### Task:
Output all of the data below without changing a word, and exclude the pictures.

### Data below:
-*-*-

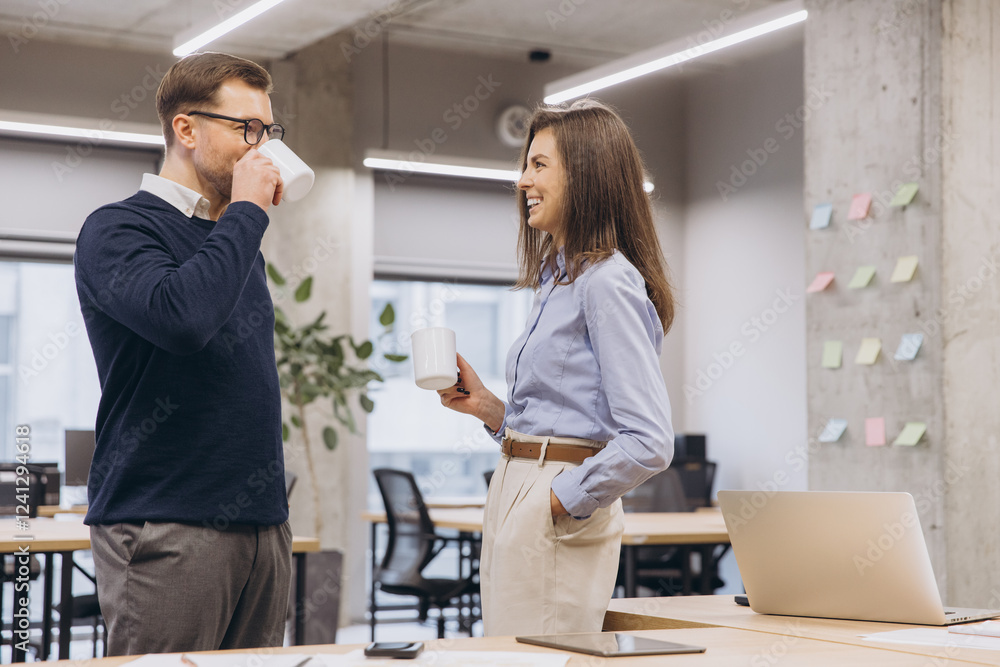 Colleagues drinking coffee and conversing near large windows, sharing ideas in contemporary workplace with natural light streaming inside
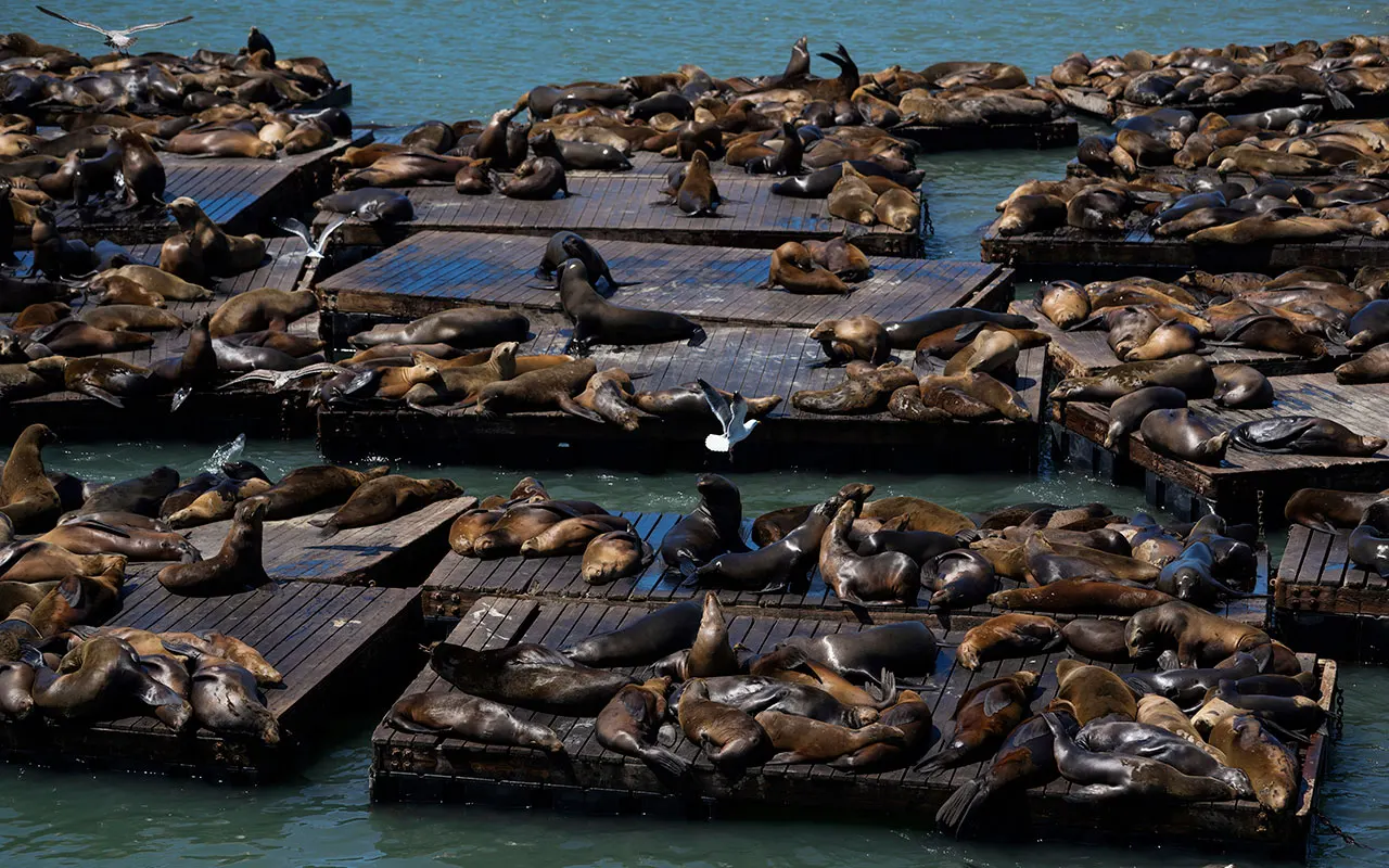 Sea lions first appeared on Pier 39 after the 1989 earthquake and have become a famous tourist attraction. The number of sea lions – loud, barking marine mammals that can weigh up to half a tonne – colliding with piers varies by season. More than 100 can be seen on most days.
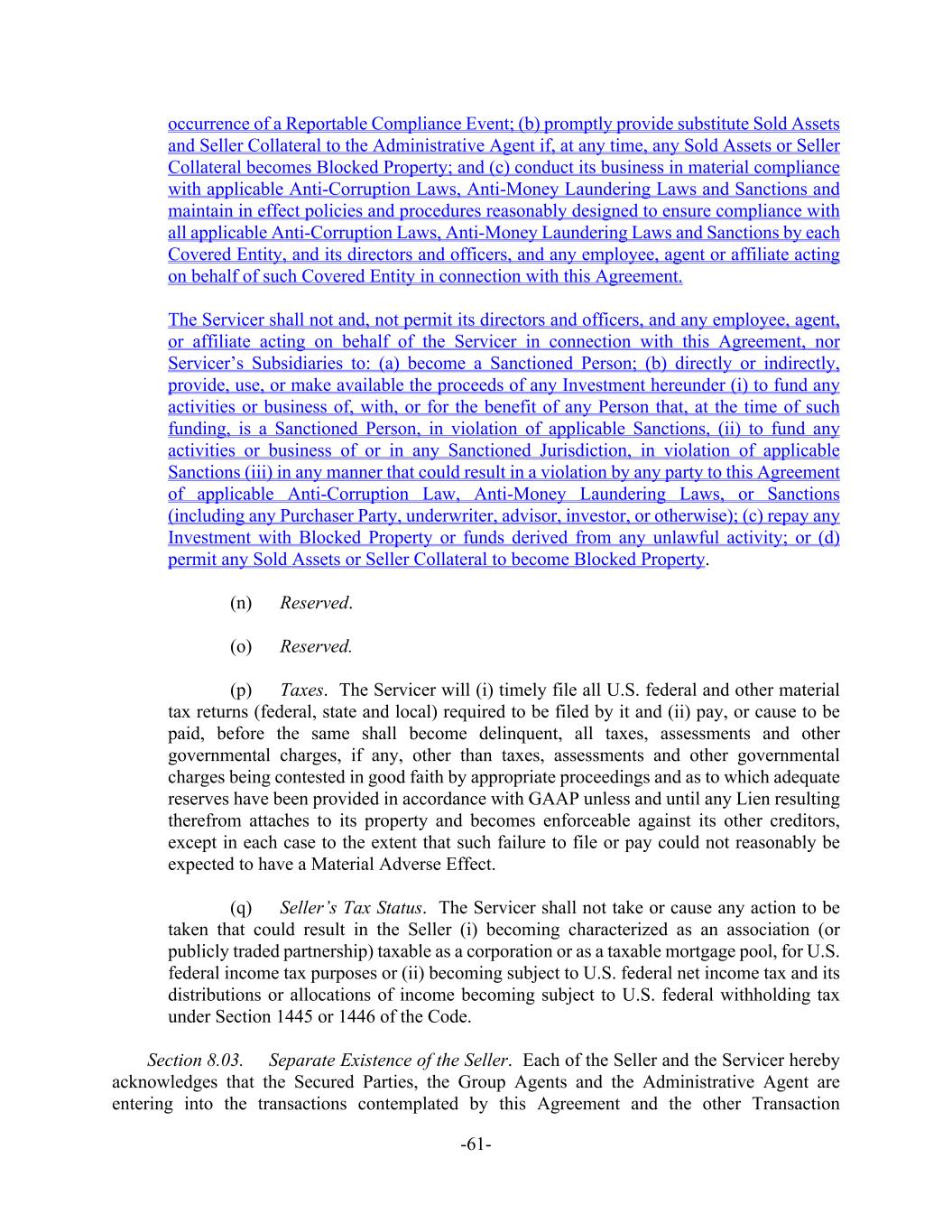 -61- occurrence of a Reportable Compliance Event; (b) promptly provide substitute Sold Assets and Seller Collateral to the Administrative Agent if, at any time, any Sold Assets or Seller Collateral becomes Blocked Property; and (c) conduct its business in material compliance with applicable Anti-Corruption Laws, Anti-Money Laundering Laws and Sanctions and maintain in effect policies and procedures reasonably designed to ensure compliance with all applicable Anti-Corruption Laws, Anti-Money Laundering Laws and Sanctions by each Covered Entity, and its directors and officers, and any employee, agent or affiliate acting on behalf of such Covered Entity in connection with this Agreement. The Servicer shall not and, not permit its directors and officers, and any employee, agent, or affiliate acting on behalf of the Servicer in connection with this Agreement, nor Servicer’s Subsidiaries to: (a) become a Sanctioned Person; (b) directly or indirectly, provide, use, or make available the proceeds of any Investment hereunder (i) to fund any activities or business of, with, or for the benefit of any Person that, at the time of such funding, is a Sanctioned Person, in violation of applicable Sanctions, (ii) to fund any activities or business of or in any Sanctioned Jurisdiction, in violation of applicable Sanctions (iii) in any manner that could result in a violation by any party to this Agreement of applicable Anti-Corruption Law, Anti-Money Laundering Laws, or Sanctions (including any Purchaser Party, underwriter, advisor, investor, or otherwise); (c) repay any Investment with Blocked Property or funds derived from any unlawful activity; or (d) permit any Sold Assets or Seller Collateral to become Blocked Property. (n) Reserved. (o) Reserved. (p) Taxes. The Servicer will (i) timely file all U.S. federal and other material tax returns (federal, state and local) required to be filed by it and (ii) pay, or cause to be paid, before the same shall become delinquent, all taxes, assessments and other governmental charges, if any, other than taxes, assessments and other governmental charges being contested in good faith by appropriate proceedings and as to which adequate reserves have been provided in accordance with GAAP unless and until any Lien resulting therefrom attaches to its property and becomes enforceable against its other creditors, except in each case to the extent that such failure to file or pay could not reasonably be expected to have a Material Adverse Effect. (q) Seller’s Tax Status. The Servicer shall not take or cause any action to be taken that could result in the Seller (i) becoming characterized as an association (or publicly traded partnership) taxable as a corporation or as a taxable mortgage pool, for U.S. federal income tax purposes or (ii) becoming subject to U.S. federal net income tax and its distributions or allocations of income becoming subject to U.S. federal withholding tax under Section 1445 or 1446 of the Code. Section 8.03. Separate Existence of the Seller. Each of the Seller and the Servicer hereby acknowledges that the Secured Parties, the Group Agents and the Administrative Agent are entering into the transactions contemplated by this Agreement and the other Transaction

-*-*-

### Response below:
 Colleagues drinking coffee and conversing near large windows, sharing ideas in contemporary workplace with natural light streaming inside
 Sea lions first appeared on Pier 39 after the 1989 earthquake and have become a famous tourist attraction. The number of sea lions – loud, barking marine mammals that can weigh up to half a tonne – colliding with piers varies by season. More than 100 can be seen on most days.
 -61- occurrence of a Reportable Compliance Event; (b) promptly provide substitute Sold Assets and Seller Collateral to the Administrative Agent if, at any time, any Sold Assets or Seller Collateral becomes Blocked Property; and (c) conduct its business in material compliance with applicable Anti-Corruption Laws, Anti-Money Laundering Laws and Sanctions and maintain in effect policies and procedures reasonably designed to ensure compliance with all applicable Anti-Corruption Laws, Anti-Money Laundering Laws and Sanctions by each Covered Entity, and its directors and officers, and any employee, agent or affiliate acting on behalf of such Covered Entity in connection with this Agreement. The Servicer shall not and, not permit its directors and officers, and any employee, agent, or affiliate acting on behalf of the Servicer in connection with this Agreement, nor Servicer’s Subsidiaries to: (a) become a Sanctioned Person; (b) directly or indirectly, provide, use, or make available the proceeds of any Investment hereunder (i) to fund any activities or business of, with, or for the benefit of any Person that, at the time of such funding, is a Sanctioned Person, in violation of applicable Sanctions, (ii) to fund any activities or business of or in any Sanctioned Jurisdiction, in violation of applicable Sanctions (iii) in any manner that could result in a violation by any party to this Agreement of applicable Anti-Corruption Law, Anti-Money Laundering Laws, or Sanctions (including any Purchaser Party, underwriter, advisor, investor, or otherwise); (c) repay any Investment with Blocked Property or funds derived from any unlawful activity; or (d) permit any Sold Assets or Seller Collateral to become Blocked Property. (n) Reserved. (o) Reserved. (p) Taxes. The Servicer will (i) timely file all U.S. federal and other material tax returns (federal, state and local) required to be filed by it and (ii) pay, or cause to be paid, before the same shall become delinquent, all taxes, assessments and other governmental charges, if any, other than taxes, assessments and other governmental charges being contested in good faith by appropriate proceedings and as to which adequate reserves have been provided in accordance with GAAP unless and until any Lien resulting therefrom attaches to its property and becomes enforceable against its other creditors, except in each case to the extent that such failure to file or pay could not reasonably be expected to have a Material Adverse Effect. (q) Seller’s Tax Status. The Servicer shall not take or cause any action to be taken that could result in the Seller (i) becoming characterized as an association (or publicly traded partnership) taxable as a corporation or as a taxable mortgage pool, for U.S. federal income tax purposes or (ii) becoming subject to U.S. federal net income tax and its distributions or allocations of income becoming subject to U.S. federal withholding tax under Section 1445 or 1446 of the Code. Section 8.03. Separate Existence of the Seller. Each of the Seller and the Servicer hereby acknowledges that the Secured Parties, the Group Agents and the Administrative Agent are entering into the transactions contemplated by this Agreement and the other Transaction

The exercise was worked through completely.